Getting People To “Like”, “Retweet”, or +1 Your Blog; The Truth

Lately I’ve been seeing a lot of posts being written that purport to tell us how to get people to “like” our page to Facebook, encourage them to retweet our content to Twitter, or the new thing, to +1 our sites or blog posts for Google. All well and all except for one thing; once again it’s garbage.


via Flickr

Okay, that’s not quite fair, so let me say it another way. It’s repetitive, boring, and kind of untrue. If you look at it like I do, what you’re getting from people is the same thing you got from them when they said they were going to tell you how to get more comments on your blog posts, or how they were going to teach you how to drive more visitors to your blog.

What are the ideas? In a nutshell: write great content, write posts that ask questions people can respond to, make sure your style is conversational, write about things you know something about, check your spelling and grammar, on and on and on.

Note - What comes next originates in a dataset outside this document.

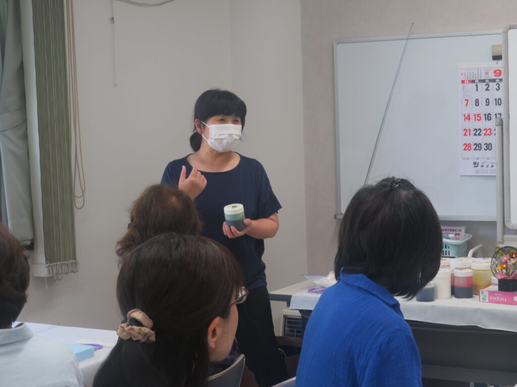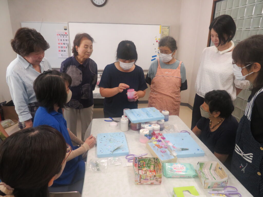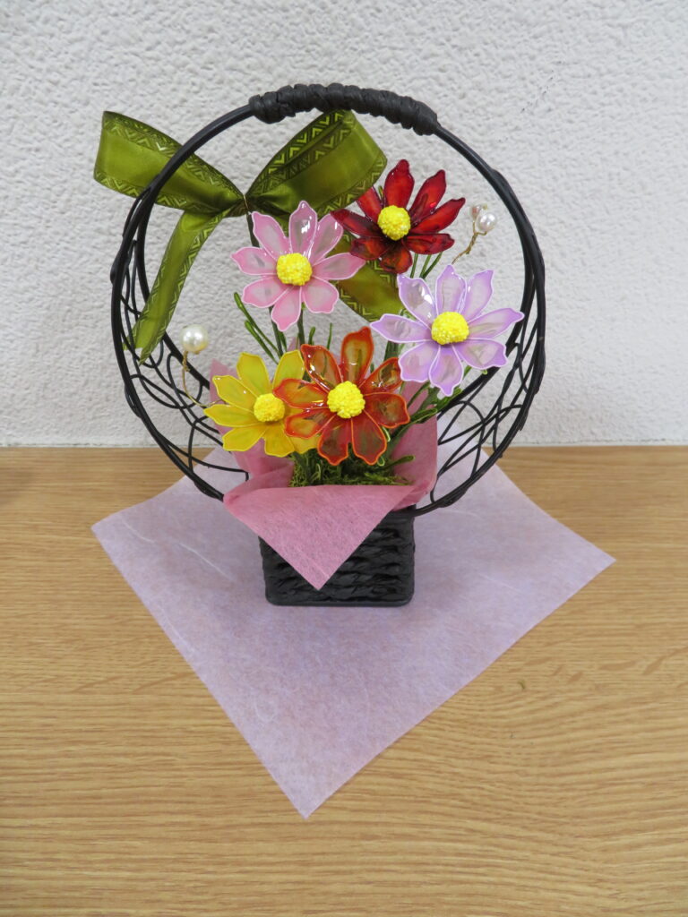9月10日(水)小池久美子先生(アトリエ夢菜)をお迎えし、アメリカンフラワー「コスモスのアレンジ講座」が開催され、10名が参加されました。
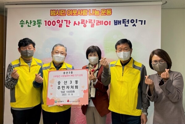 한편 ‘100일간 사랑릴레이 배턴 잇기’는 2006년부터 시작된 범시민 이웃사랑 나눔 캠페인으로 내년 설 연휴가 시작되기 전인 2023년 1월 20일까지 진행되며 기탁을 원하는 경우 송산3동행정복지센터 복지지원과를 통해 누구나 참여가 가능하다.

In a way it’s probably not fair to bust on people writing this stuff but someone has to call it for what it is; a major waste of time. I ask you, if you’re checking these posts out like I’ve been doing, are you seeing anything new? Truthfully, is there anything new to offer?

Actually, there is, although most of us hesitate to do it. That one thing, which I’ve done every once in awhile, is to just come out and ask someone to “like” or “retweet” or “+1” your blog post. Why would you do this, and how should you do it?

You do it because most of us are blind to these things. Just like most of us become blind to Adsense after awhile, and more and more of us start becoming blind to ads on someone’s blogs, we tend to become blind to the buttons that allow us to highlight posts we might like. Some of the buttons people have near their posts are small and easy to overlook after awhile. For my blog, just recently have I started getting more of my posts retweeted by through that bit Topsy button you see at the top right of my posts; that’s not a bad feeling.

That’s why you would do it. But it doesn’t do you much good if you start adding it to the end of every post either. At a certain point your regular visitors will become blind to that as well, and then it becomes a worthless phrase for you. This means that if you’re going to do it, at least from my perspective, you should do it on posts you absolutely know are premium posts. How will you know? If you don’t know when you’ve written a premium post then no one else will either.

Of course, to some of us it seems kind of self serving to ask people to do these things for us, which probably explains why I’ve rarely done it. If I was going to do it I can easily point to the few posts that I believe deserve being better known. And it’s that reason, that I know it’s “few” as opposed to “all”, that I believe it’s feasible to ask for it for certain posts that you really feel are special.

Let me ask you; have you seen many people advocating what I’ve just mentioned? Is it something unique to some of you? That’s all I’m saying; some of these folks need to try to give us something new every once in awhile, step up their game. What say you?